San Marcos Greenbelt Alliance •  107 E. Hopkins St. Suite 121A; San Marcos, Texas 78666

The Loop


My Getaway: A Conversation with Rich Warms

A native of Philadelphia, Rich Warms received his PhD in anthropology from Syracuse University and has been an anthropology professor at Texas State since 1988. Rich served in the Peace Corps in Burkina Faso (West Africa), and returned to Africa to do his anthropological fieldwork in Mali. Rich is the co-author of several books, including Anthropological Theory: An Introductory History (with Jon McGee) and Cultural Anthropology (with Serena Nanda). Rich loves to hike and travel.
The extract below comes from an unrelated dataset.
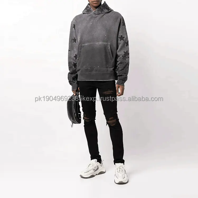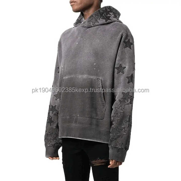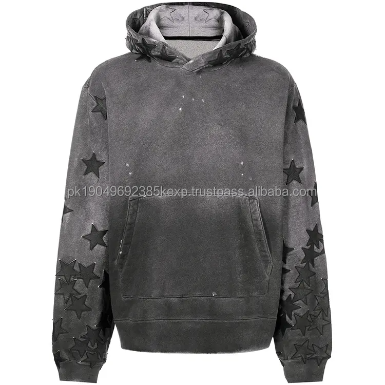 Sudadera con capucha lavada con ácido y parche de estrella bordada desgastada de 400GSM de peso alto estilo callejero Unisex Vintage personalizada

He was one of the original members of the San Marcos Trail Walkers meetup group and is one of the organizers of San Marcos Take a Hike. Rich has visited 37 countries and 49 states (still missing Hawaii).

Why do you value the natural areas?

I think that the natural areas are critical to our personal and our civic health. They preserve our environment and offer a break from the intensity of the city. They give us space to be outdoors in an area where nature is relatively free. This is especially important in a region like our own where, per capita, there is very little public land. The health benefits of being out in nature are well documented. The city benefits enormously, too. The greenspaces make San Marcos a much better place to live than would otherwise be the case. Economically, they draw people from throughout the area. I’ve known many cases of people driving an hour each way to come and hike our natural areas.

Who or what most influenced your view of the natural world?

I’ve always loved the woods, really from my earliest memories. The street where my childhood home was located ended in a greenspace, and from the time I was six or seven I played there (in those days, kids played unsupervised in the woods). As I grew older, I was fortunate to spend my summers in the Adirondack Mountains in New York, and then older still, traveled around the country visiting many of the National Parks. I started backpacking as a teen and continued to do it off and on for decades. When I was in college in Maine, I spent a lot of time in the mountains and at the coast. I read Edward Abbey and Aldo Leopold and I got to spend a little time with the poet Joseph Bruchac. I was also deeply influenced by friends I had then.

What is your favorite trail? What do you like about it?

I really like the rougher, rockier trails. I love going up and down hillsides and in and out of valleys. My two favorites are Paraiso in Purgatory and Grey Fox in Spring Lake. I am particularly appreciative of the routing work done on Grey Fox. It’s a really nicely designed trail.

What do you most enjoy doing when you visit the Greenbelt?

I spend almost all of my time hiking when I’m in the Greenbelt. I’m one of the organizers of the group San Marcos Take a Hike. I lead hikes every Sunday morning and I always look forward to doing it. You can easily find San Marcos Take a Hike on We have hikes every Saturday and Sunday morning, year round. We’re always glad for new members and new hikers.

What recommendations would you give new users of the trail?

On this…and any other trail you’re using for the first time…be sure to use your phone to take a picture of the map at the trailhead. And, of course, in the summer, make sure you’re carrying plenty of water, especially if you’re going out after 9 or 10 in the morning.